= Libertarian authoritarianism =

Political spectrum and theory

Libertarian authoritarianism, or libertarian-authoritarian, is term used to describe a political spectrum and dimension that spans libertarianism, which values freedom, and authoritarianism, which rejects political pluralism. In the 2010s and 2020s, it has been used to describe a dichotomy, political theory, and political formation that merges aspects of both right-libertarianism and authoritarianism. The spectrum is recognized in British politics, and the theory considers American and European politics.

== Political spectrum ==
In the 1990s, the British Journal of Sociology published research studying left–right and libertarian–authoritarian values, describing them as "two core dimensions of mass political belief", and determining that the spectrum has "for several years formed sections of the British Social Attitude Survey". The European Journal of Political Research also studied the dimension within the United Kingdom, regarding its influence in Conservative Party elections from 1979 to 1987. In 2005, in asserting that the British electorate has become more libertarian in recent decades, political scientist, James Tilley, described libertarian-authoritarianism as being "two major value dimensions in British politics". In 2021, after Brexit and regarding the perceived rise of populism, Cornell International Affairs Review published research discussing libertarian-authoritarian as a dichotomy within the Conservative Party.

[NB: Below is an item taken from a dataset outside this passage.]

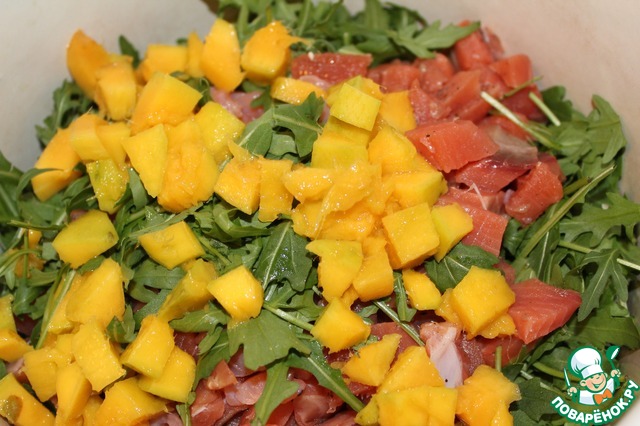 Рыбу порезать небольшими кусочками. Манго и авокадо почистить и порезать. Листья рукколы порвать пополам.
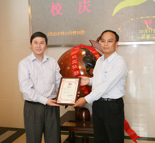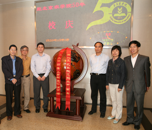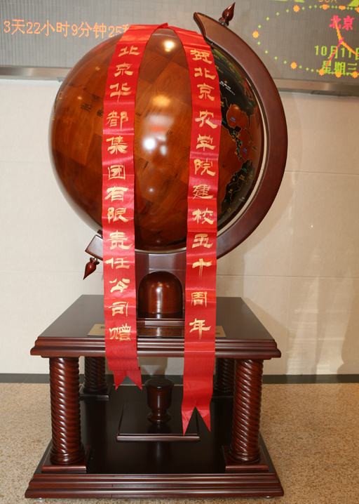 10月11日上午,北京华都肉鸡公司党委书记、常务副总经理张立军,北京爱拔益加家禽育种有限公司董事长孙家发代表北京华都集团有限公司来校祝贺我校五十华诞,并向我校捐赠一木制地球仪,以祝愿我校面向未来,走向世界。地球仪摆放在办公楼大厅中间。

The review theorized the utility of further study to determine whether the dichotomy could be "useful in understanding contemporary or historical political realignments".

== Political theory ==

In 2018, political scientist Wendy Brown, summarized libertarian authoritarianism as "a novel political formation that is an inadvertent effect of neoliberal rationality" within the context of American politics, right-wing populism, and as part of "a further reconfiguration of neoliberalism".

In 2023, the New Statesman described the fundamental basis of libertarian authoritarianism to be based in "post-truth politics", and that in the late-modern era believers validate their opinions "with proto-scientific evidence, rumours, conspiracy theories and fake news". The British magazine described neoliberalism as an additional factor contributing towards the recent rise of the ideology, with modern adherents to the ideology including Peter Thiel, Elon Musk, and Javier Milei, having merged their libertarianism with their "authoritarian tendencies".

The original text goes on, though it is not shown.